## Exercise aim:
Once the line holding "Каталог запасных частей" is found in the listing below, write it out and each later line exactly, up to and including the one holding "Grande fleur bronze".

## Exercise input:
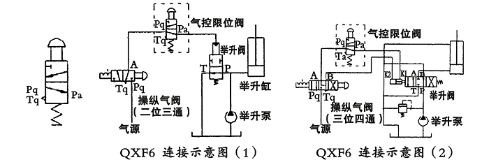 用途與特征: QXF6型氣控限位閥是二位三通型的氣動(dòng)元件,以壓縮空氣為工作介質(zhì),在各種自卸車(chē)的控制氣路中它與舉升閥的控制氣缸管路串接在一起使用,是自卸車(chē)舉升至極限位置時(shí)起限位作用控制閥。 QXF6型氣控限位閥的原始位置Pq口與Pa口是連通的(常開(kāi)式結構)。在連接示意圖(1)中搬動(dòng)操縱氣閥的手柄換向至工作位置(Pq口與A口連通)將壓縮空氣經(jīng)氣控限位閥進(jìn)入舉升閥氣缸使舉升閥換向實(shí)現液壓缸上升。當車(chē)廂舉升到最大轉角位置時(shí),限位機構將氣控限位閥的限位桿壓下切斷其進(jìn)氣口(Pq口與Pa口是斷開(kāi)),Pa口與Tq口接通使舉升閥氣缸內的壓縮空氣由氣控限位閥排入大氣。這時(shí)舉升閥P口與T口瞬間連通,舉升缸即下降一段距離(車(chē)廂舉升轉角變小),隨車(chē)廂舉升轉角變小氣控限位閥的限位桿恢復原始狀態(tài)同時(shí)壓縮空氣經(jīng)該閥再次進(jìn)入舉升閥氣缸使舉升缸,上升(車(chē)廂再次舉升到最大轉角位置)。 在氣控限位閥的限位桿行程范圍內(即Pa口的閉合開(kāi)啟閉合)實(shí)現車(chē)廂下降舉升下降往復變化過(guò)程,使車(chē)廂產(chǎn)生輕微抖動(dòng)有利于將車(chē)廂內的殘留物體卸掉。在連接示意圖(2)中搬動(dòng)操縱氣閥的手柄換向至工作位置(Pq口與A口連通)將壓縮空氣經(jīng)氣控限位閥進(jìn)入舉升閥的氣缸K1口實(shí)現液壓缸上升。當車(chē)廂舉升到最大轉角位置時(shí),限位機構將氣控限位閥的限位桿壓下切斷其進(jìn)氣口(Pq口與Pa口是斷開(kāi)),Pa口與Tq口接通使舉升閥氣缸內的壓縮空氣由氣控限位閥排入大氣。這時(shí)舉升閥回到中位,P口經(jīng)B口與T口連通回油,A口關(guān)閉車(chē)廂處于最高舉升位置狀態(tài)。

---

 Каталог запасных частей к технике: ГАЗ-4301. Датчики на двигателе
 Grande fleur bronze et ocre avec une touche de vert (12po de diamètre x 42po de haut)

## Reply to the exercise:
 Каталог запасных частей к технике: ГАЗ-4301. Датчики на двигателе
 Grande fleur bronze et ocre avec une touche de vert (12po de diamètre x 42po de haut)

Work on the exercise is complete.